Make sure that your query sequence .fasta file (your de novo assembly) and the output files for the Swissprot, TrEMBL, and parsed NR BLAST searches are in the same folder and make this your working directory in Terminal.
- In this step, we have automated a lot of different processes, thus, pay careful attention to the specific order and the specifications for each input file. You will need to generate a short companion file called "nrcolumnheadersandbadwords.txt" to specify the names of the description and evalue columns generated during parsing and a customizable list of "bad words" that you can exclude during final combining of the nr results. Due to the size of the nr database, many top hits for non-model systems will be uninformative (e.g. "predicted protein"), so we have built in a second column in the meta table that includes a lower hit when possible for these contigs that excludes the "bad words". Execute the totalannotation.py script in Terminal by replacing the words in capitals with your own file names and typing:
totalannotation.py YOURASSEMBLY.fasta \ YOURASSEMBLY_Parsedblastx2nr.txt \ nrcolumnheadersandbadwords.txt \ YOURASSEMBLY_blastx2sprot.txt \
1E-4(or other evalue cutoff) UniProt_flatfiles \ YOURASSEMBLY_annotated.txt
YOURASSEMBLY.fasta is your de novo assembly contig file, e.g. testfile_assembly.fasta; YOURASSEMBLY_Parsedblastx2nr.txt is the parsed nr .xml file with each hit on one line; nrcolumnheadersandbadwords.txt are the column names corresponding to the match description and evalue on one line (e.g. "HitDescription" and "eValue") and a list of "bad words" that you want to skip over to find an informative nr match (e.g. "hypothetical", "Predicted", "unknown") all separated by tabs; YOURASSEMBLY_blastx2sprot.txt is the output file from the BLAST of your contigs against Swiss-Prot, e.g. testfile_blastx2sprot; YOURASSEMBLY_blastx2trembl.txt is the .txt output file from the BLAST of your contigs against TrEMBL, e.g. testfile_blastx2trembl ; 1E-4 is the threshold specifying that only BLAST hits with an E-value below this will be annotated; UniProt_flatfiles is the name for the folder that will contain the flat files for the matches in Swiss-Prot and TrEMBL; -and YOURASSEMBLY_annotated is the name you want for your output file.

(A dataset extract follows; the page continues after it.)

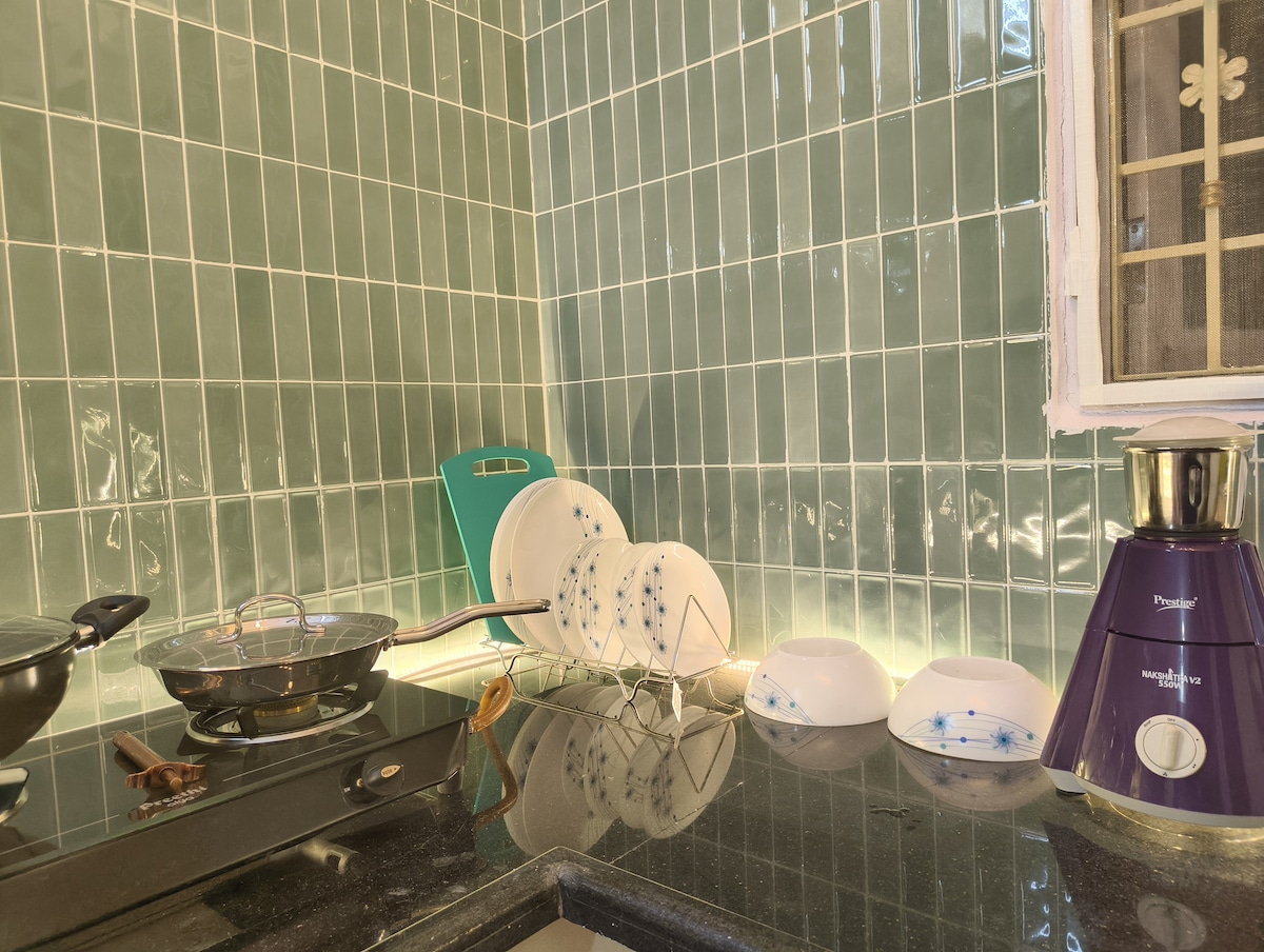 Stay in a clean, calm and fully private 1RK apartment located in a quiet green residential neighborhood near airport. Perfect for travelers looking for a comfortable and peaceful stay close to the airport.

You should now have a complete metatable summarizing annotation information for those of your contigs that matched known proteins in the queried databases. This provides a convenient overview of the top hits from the different databases, summarizes functional annotation information, and generates some of the input required in subsequent analyses (e.g. the GO functional enrichment analysis in step 5). While this annotation table is a good summary, since many contigs can have multiple BLAST matches, it can also be useful to look at the full list of BLAST results for certain contigs. Additionally, if a particular contig of interest does not result in any siginificant matches in the annotation process, hand-curated BLAST-ing via the NCBI web-interface may also provide additional sequence identification information.